PSChildName : ntfsm.exe:Zone.Identifier
PSDrive : C
PSProvider : Microsoft.PowerShell.Core\FileSystem
PSIsContainer : False
FileName : C:\...\ntfsm.exe
Stream : Zone.Identifier
Length : 62
(The :$DATA stream is the default and Zone.Identifier is a Windows artifact unrelated to the file contents.)
Since I could find nothing interesting straight away, I fired up IDA and inspected the code. The executable seemed to be a fairly standard C++ program, only with one quirk, which was rather aggressive outlining of code. I'm not sure if it was an intentional obfuscation or just a compiler artifact, but in the end, it proved to be little more than a slight annoyance.
The main function could be found at preferred virtual address (PVA) 0x14000C0B5. The function itself was too large to be decompiled or even displayed in a graph by IDA, but using a debugger, it was not difficult to get to the gist of its semantics:
- At
0x14000C0D9, fourstd::strings are constructed:"state","input","position"and"transitions". I don't know about you, but to me, this screamed DFA (deterministic finite automaton, also known as a finite state machine). - Notably, these four strings are at various points passed as arguments to functions that read or write data to or from an alternate data stream of the
ntfsm.exebinary:- The function at
0x140FF0FE0reads aQWORDfrom the ADS specified as the first argument into the destination buffer, specified as the second argument. - The function at
0x14000AF00reads data from the ADS specified as the first argument into the destination buffer. The number of bytes to be read is specified as a third argument. - Analogously, the function at
0x140FF1190writes aQWORDinto an ADS. - Finally, the function at
0x14000ADE0writes data into an ADS.
- The function at
The general flow of the program is as follows:
- The password is read from the command line argument. If it is missing or if it is not 16 bytes long, an error message is displayed and the program exits.

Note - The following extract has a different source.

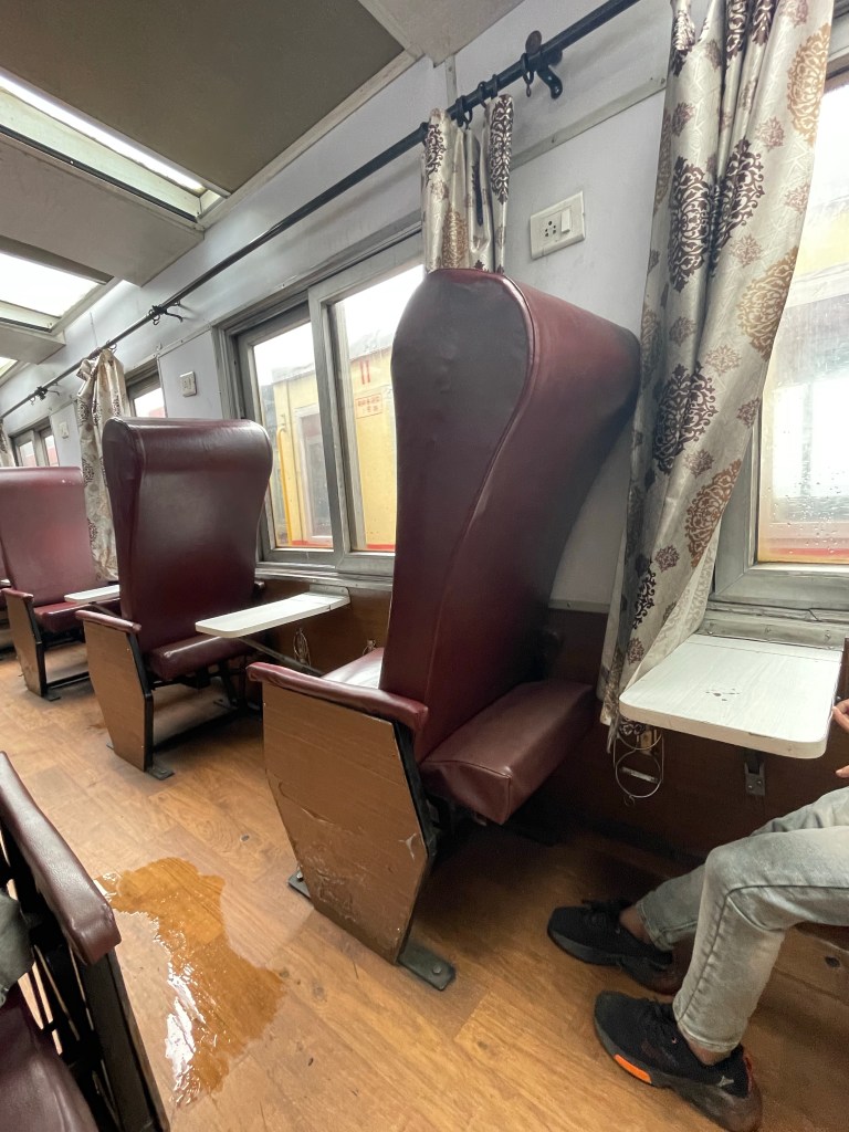 We boarded the train. The train did not have any centralised air conditioning. It has normal split ACs. It also had a board saying, “AC not working”. It had seats with big cushions. However a single row only had 3 seats and there were 5 rows in a coach. So 15 seats per coach. The train had 6 coaches. So a total of 90 passengers could travel by it.
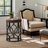 - Embrace the modern industrial trend with this rustic end table that combines mixed materials, round wood veneer top, and a contemporary iron frame, ensuring each piece stands out uniquely.

- Otherwise, the four aforementioned ADSs are created and initialized to
state = 0,input = <password>,position = 0andtransitions = 0. - Next, the
stateis used as an index into a jump table and the control is transferred to the appropriate handler. In each of these handlers, the byte atpositionin theinputis read and checked against some fixed values to determine the next state, this typical finite automaton behaviour further supports the DFA hypothesis. If the input character doesn't match any of the constants, the password is rejected. - The
stateandpositionADSs are then updated with the new values and the DFA continues to run, albeit in a very surprising manner: Normally, we would expect to see an unconditional jump to the code switch that checks the state; However, this program instead creates a new process of itself with inherited file handles and waits for the child's execution to finish. This effectively means that each process only performs one transition of the DFA, sharing the current state via the associated ADSs.
While this may seem hard to dynamically analyze, and it probably is, these hardships can be overcome by instead analyzing the transitions statically — since all of the state "handlers" share roughly the same code structure, we can simply parse the code and reconstruct the transition table. I started writing a simple Python script that eventually evolved into a multi-threaded solver.
I imported the pefile library, mainly for translating virtual addresses to offsets and vice versa, and the capstone library for x64 instructions disassembly, and defined some useful constants.
from collections import deque
import capstone
import pefile
FILENAME = "ntfsm.exe"
JTABLE_VA = 0x140C687B8
RETURN_VA = 0x140C685EE
RSP_STATE_OFFSET = 0x58D30
The next set of helper functions allows me to get the location of each state "handler" based on the state number.
def va_to_offset(pe: pefile.PE, va: int) -> int:
return pe.get_offset_from_rva(va - pe.OPTIONAL_HEADER.ImageBase)
def offset_to_va(pe: pefile.PE, offset: int) -> int:
return pe.OPTIONAL_HEADER.ImageBase + pe.get_rva_from_offset(offset)
def read_dword(data: bytes, pe: pefile.PE, va: int) -> int:
offset = va_to_offset(pe, va)
return int.from_bytes(data[offset:offset+4], "little")
def get_loc_va_from_state(data: bytes, pe: pefile.PE, state: int) -> int:
return pe.OPTIONAL_HEADER.ImageBase + read_dword(data, pe, JTABLE_VA + state * 4)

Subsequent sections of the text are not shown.